Following a string of hostages being beheaded by the Islamic State, a British teacher who was being held by militants in Libya has been released.

David Bolam, who was taken hostage earlier this year from the Libyan town of Benghazi, has been reunited with his family, the British Foreign Office announced on Sunday.

READ MORE: ISIS beheads British hostage Henning, releases video

"We are glad that David Bolam is safe and well after his ordeal, and that he has been reunited with his family," a Foreign Office spokeswoman said. "We have been supporting his family since he was taken."

An image grab taken from a video released by the Islamic State (IS) and identified by private terrorism monitor SITE Intelligence Group on September 2, 2014 purportedly shows a masked militant holding a knife and gesturing as he speaks to the camera in a desert landscape (AFP Photo / SITE)

There were concerns that Bolam would suffer the same fate as US and British hostages who were killed by Islamic State (IS) militants. American journalists James Foley and Steven Sotloff, and British contract workers David Haines and Alan Henning all suffered grisly beheadings by their captors.

Henning was reportedly killed just one day before Bolam was freed from his Libyan captors.

Bolam, who was vice-principal at the International School in Benghazi, appeared on August 28 in a video - released by a little-known group that calls itself the Army of Islam - in which he made a plea to Prime Minister David Cameron to secure his freedom.

The city where Bolam was taken captive, Benghazi, the second largest city in Libya, has featured prominently in the ongoing Libyan tragedy.

On the evening of September 11, 2012, Muslim protesters, enraged at the airing of a film, Innocence of Muslims, which depicted the Prophet Mohammed in an unflattering light, stormed the US diplomatic compound in Benghazi, killing the US Ambassador to Libya, J. Christopher Stevens, and three other American personnel.

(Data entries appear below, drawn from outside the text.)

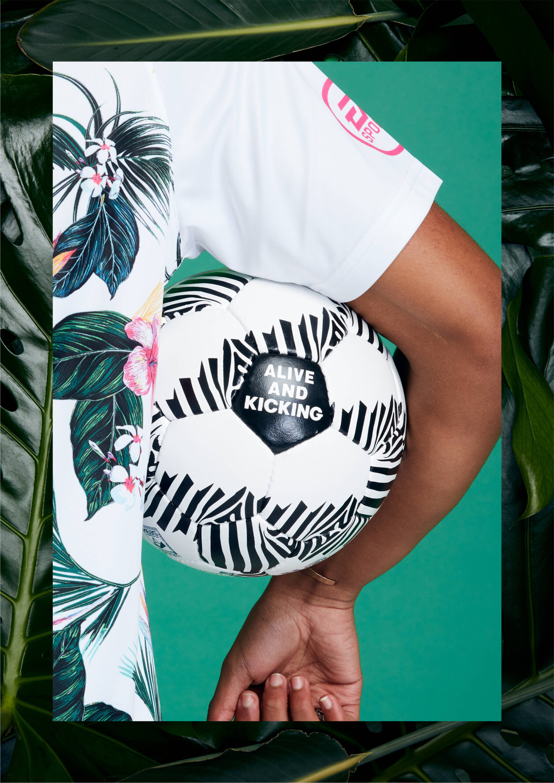 Limited to 300 pieces, this AKFC X Hummel Shirt was inspired by the flora and fauna of Ghana, Kenya and Zambia and designed in collaboration with children who have benefited from the Alive & Kicking football for good programmes.
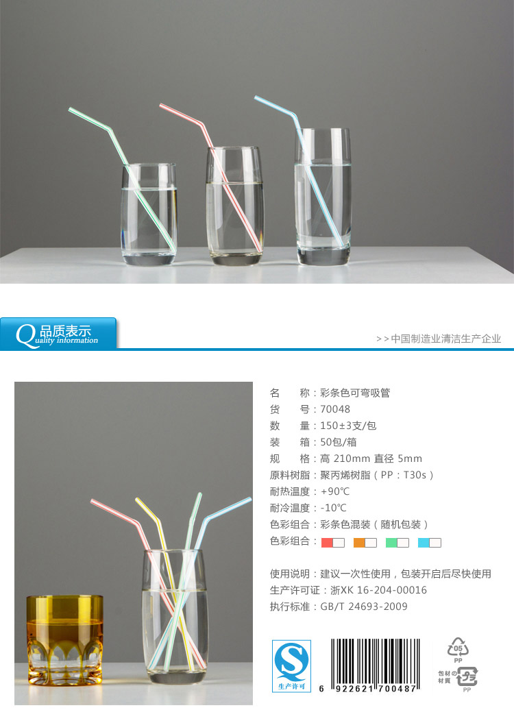 70048雙童150支彩條色家庭裝彎吸管
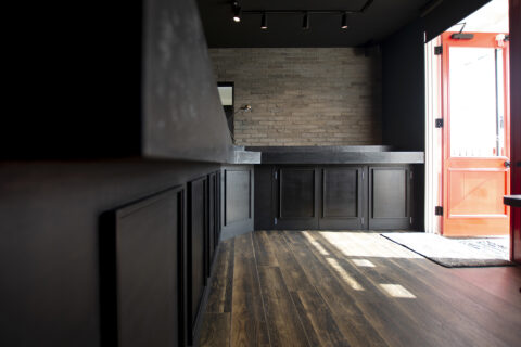 元々の店内はアメリカンテイストのビンテージ感ある空間でしたが、落ち着いた時間を過ごせるイートインスペースの創出と、トータルの雰囲気を洗練されたヨーロピアンスタイルへと一新するリフォームをご提案しました。
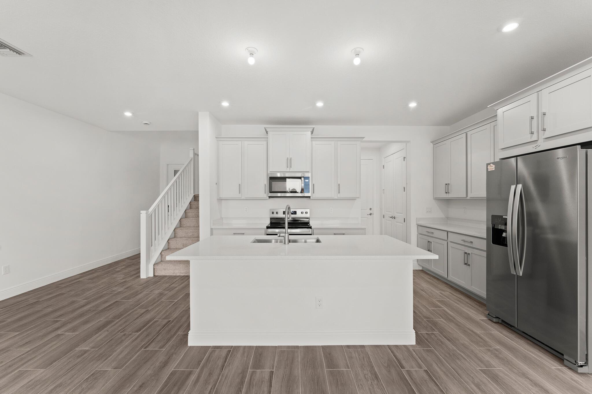 Step into the two story foyer of this exquisite 1,865 sq ft townhome and you are greeted by spacious comfort. As you make your way through the ground floor you will notice the open living space of the great room/dining area and kitchen. Perfect for entertaining or sneaking a peek at the sparking lake outside, the location of the kitchen island lends itself to a great vantage point while cooking. Upstairs, you will find a loft, situated in between the generously sized owner's suite and bath with double vanity, large walk in shower, and oversized walk in closet. Just down the hall you will find the two secondary bedrooms in addition to the second full bath. Overall, this 3 bedroom and 2.5 bathroom home will fit your families needs for years to come.

A former co-worker of released hostage told the BBC that Bolam made the decision to remain in Libya despite growing instability since the violent removal of Libyan strongman Muammar Gaddafi in 2011 because he "believed in what he was doing."

The BBC, without citing sources, reported that “money changed hands” in order to secure Bolam’s release.

The Foreign Office, which does not support the payment of ransoms, did not comment on the report, according to the Independent.